Rich Lowry must be having a hard time thinking of new ways to be a partisan hack. His latest column on the oral arguments that the Supreme Court heard last week on ten commandments displays would be a masterpiece of obfuscation if it weren't for the fact that, try as he might, he can't really obfuscate anything.
The column is titled: Thou Shalt Make No Sense: Commandments and confused jurisprudence.
Rich says:
The Supreme Court has just heard oral arguments in two cases — one in Kentucky, the other in Texas — involving the display of the Ten Commandments, thus opening another act in the long-running absurdist drama known as "Supreme Court Establishment Clause Jurisprudence."
The First Amendment says that "Congress shall make no law respecting an establishment of religion." Throughout most of American history that has been taken to mean — oddly enough — that government can't establish a religion. It is the Supreme Court in recent decades that has taken this straightforward admonition and made it an impossible-to-understand mess.
Impossible to understand? Absurdist drama? Tell us more, oh, Richy Rich. Just how confusing is their establishment clause jurisprudence?
But Van Orden got his day in the Supreme Court, because the Court lives by a commandment of its own: "Thou shalt make no sense." Long ago it rejected any clean standard for interpreting the establishment clause, opting for a confusing morass instead.
So what should we expect?
Expect tangled 5-4 decisions in the two cases that do little to clarify anything.
There's only one place where Rich tries to actually explain the Supreme Court's standard, and gosh, he sure is trying to making it sound confusing:
As near as anyone can tell, the Court's standard for constitutionality is whether a reasonable observer would conclude that government is endorsing religion as a general matter.

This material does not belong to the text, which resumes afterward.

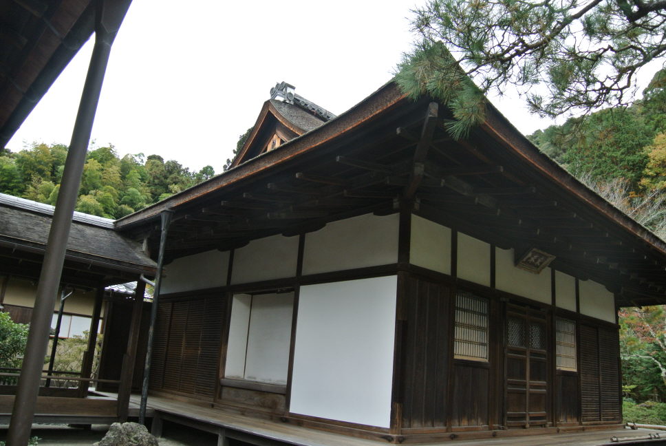 銀紗灘を過ぎて左手にありますが、同じ国宝でも、外見上は銀閣(観音殿)のようなインパクトはありません。これが国宝と知らなければ、そのまま通りすぎてしまいそうなぐらいですが、こちらは外よりも最古の書院造という内部のほうに価値があるのだと思います。

But wait, that's actually not that confusing!
Now, deciding whether a reasonable observer would conclude something or not is not necessarily easy, but then a lot of legal standards aren't. It's hard to put your finger on what "beyond a reasonable doubt" means, but that doesn't change the fact that this standard is widely used and isn't going anywhere any time soon. And if you actually read some of the things that the Supreme Court wrote on this subject (a quotation would sure be nice, Rich, if for no other reason than to show that you did read something), you'll find that they are certainly articulating a standard that can be readily grasped. Justice Blackmun wrote, for example, in his Allegheny opinion:
The Establishment Clause, at the very least, prohibits government from appearing to take a position on questions of religious belief or from "making adherence to a religion relevant in any way to a person's standing in the political community."
and he is clear about the fact that judges will still have decisions to make about what the overall thrust of a religious display is:
[T]he government's use of religious symbolism is unconstitutional if it has the effect of endorsing religious beliefs, and the effect of the government's use of religious symbolism depends upon its context. These general principles are sound, and have been adopted by the Court in subsequent cases. Since Lynch, the Court has made clear that, when evaluating the effect of government conduct under the Establishment Clause, we must ascertain whether "the challenged governmental action is sufficiently likely to be perceived by adherents of the controlling denominations as an endorsement, and by the nonadherents as a disapproval, of their individual religious choices."
If you think this is kind of a mushy middle standard, I would tend to agree with you. I actually don't really buy it, because I'm a pretty strictly non-accomadationist. But it's not unclear.
My guess is that the reason Rich is trying to convince you that the Court's jurisprudence in this area is confusing is that he knows that the decision will use essentially the standard summarized above. And he would really like you to think that those librul activist judges on the Supreme Court, with their radibly leftist, nay communist, 7-2 majority of republican appointees, just can't get anything right. And that's the reason we need some good strict constructionist conservative judges on the court, to tell us that decency doesn't evolve and that the second amendment is the only important one anyway.